> _Task item_
Using the data below, copy every line that contains the word "this".

> _Records supplied_
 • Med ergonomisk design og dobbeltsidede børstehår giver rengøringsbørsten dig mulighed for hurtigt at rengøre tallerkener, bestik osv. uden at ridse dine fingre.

* * *

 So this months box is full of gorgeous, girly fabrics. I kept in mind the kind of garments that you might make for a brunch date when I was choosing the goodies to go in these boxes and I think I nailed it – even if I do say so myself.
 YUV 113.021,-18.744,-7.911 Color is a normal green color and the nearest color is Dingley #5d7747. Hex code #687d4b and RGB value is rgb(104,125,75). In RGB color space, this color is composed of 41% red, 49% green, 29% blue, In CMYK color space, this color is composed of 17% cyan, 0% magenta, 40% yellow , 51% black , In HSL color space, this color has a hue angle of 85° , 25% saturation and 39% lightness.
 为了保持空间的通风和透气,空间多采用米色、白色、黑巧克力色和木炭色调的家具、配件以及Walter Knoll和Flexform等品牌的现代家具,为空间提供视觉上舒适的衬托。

---

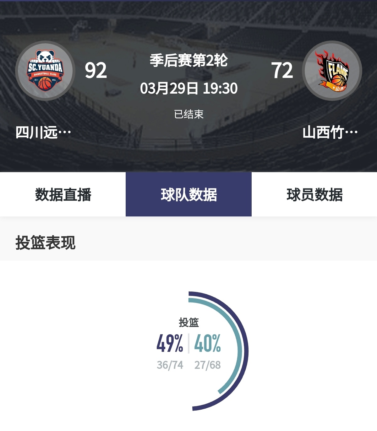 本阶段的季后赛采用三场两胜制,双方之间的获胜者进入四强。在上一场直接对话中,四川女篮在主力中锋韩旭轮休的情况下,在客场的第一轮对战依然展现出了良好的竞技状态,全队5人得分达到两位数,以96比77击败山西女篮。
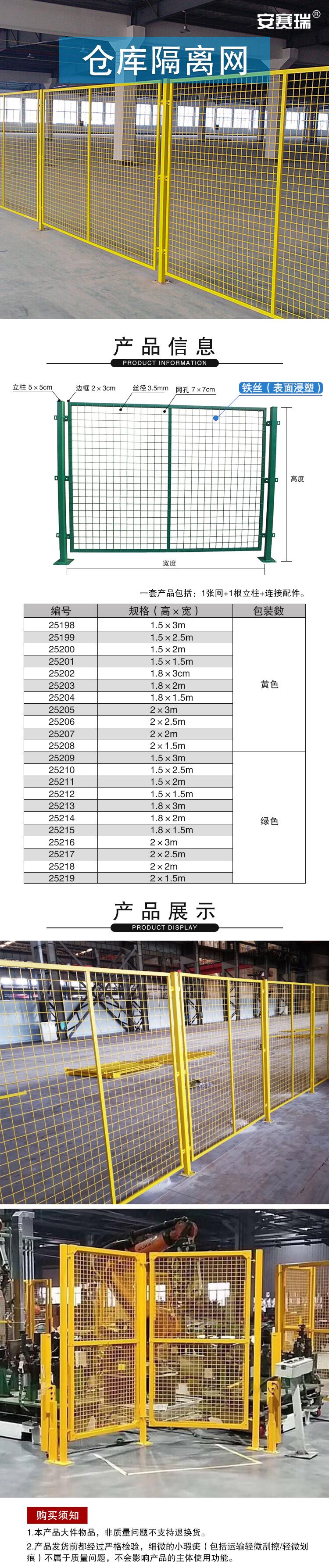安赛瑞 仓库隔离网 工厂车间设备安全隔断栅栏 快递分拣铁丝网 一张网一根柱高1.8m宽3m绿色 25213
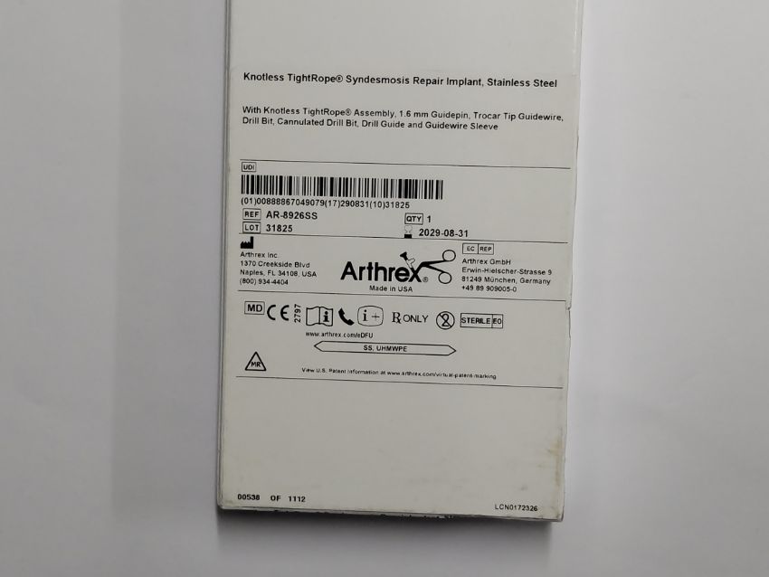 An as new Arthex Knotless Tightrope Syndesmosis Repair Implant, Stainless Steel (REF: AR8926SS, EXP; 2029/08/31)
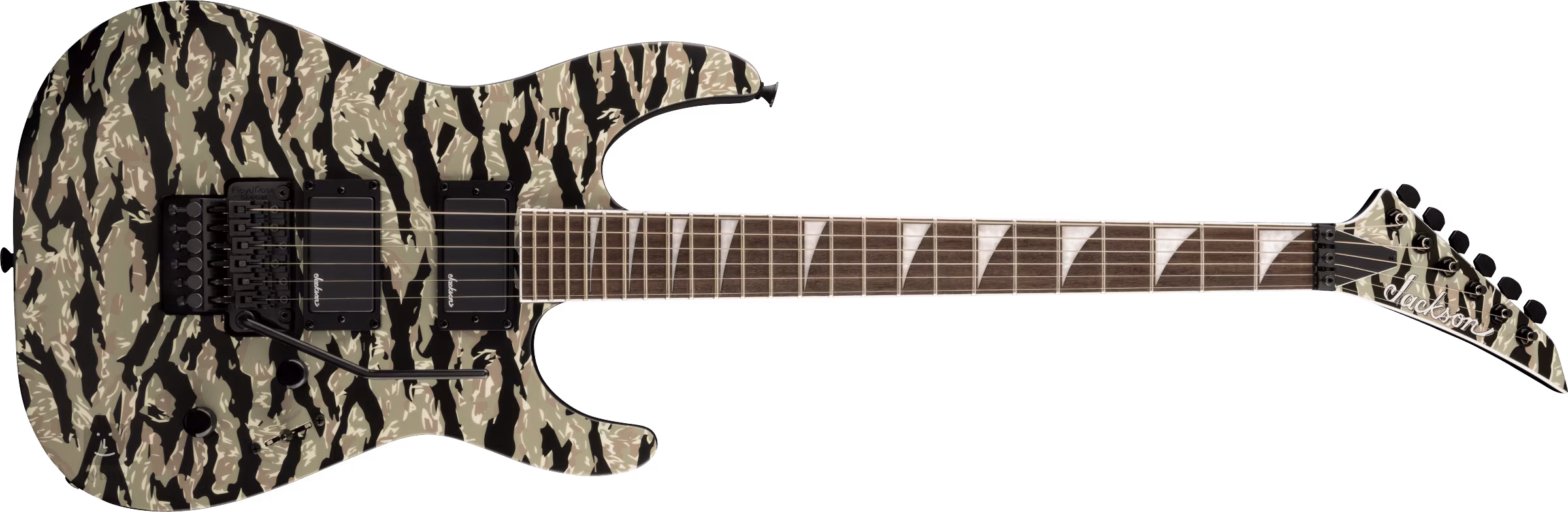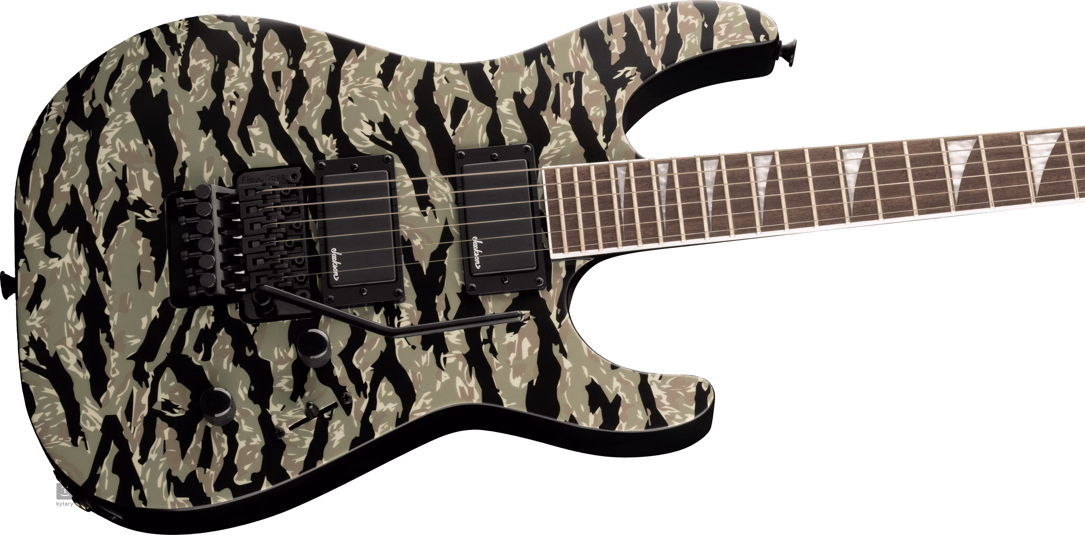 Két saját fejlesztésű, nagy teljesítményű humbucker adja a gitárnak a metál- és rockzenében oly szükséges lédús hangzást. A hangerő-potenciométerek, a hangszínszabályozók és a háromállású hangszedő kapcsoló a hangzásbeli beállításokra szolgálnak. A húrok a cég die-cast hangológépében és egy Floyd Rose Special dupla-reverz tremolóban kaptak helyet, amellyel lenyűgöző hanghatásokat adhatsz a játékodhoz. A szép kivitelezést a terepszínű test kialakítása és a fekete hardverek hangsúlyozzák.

> _Written solution_
 So this months box is full of gorgeous, girly fabrics. I kept in mind the kind of garments that you might make for a brunch date when I was choosing the goodies to go in these boxes and I think I nailed it – even if I do say so myself.
 YUV 113.021,-18.744,-7.911 Color is a normal green color and the nearest color is Dingley #5d7747. Hex code #687d4b and RGB value is rgb(104,125,75). In RGB color space, this color is composed of 41% red, 49% green, 29% blue, In CMYK color space, this color is composed of 17% cyan, 0% magenta, 40% yellow , 51% black , In HSL color space, this color has a hue angle of 85° , 25% saturation and 39% lightness.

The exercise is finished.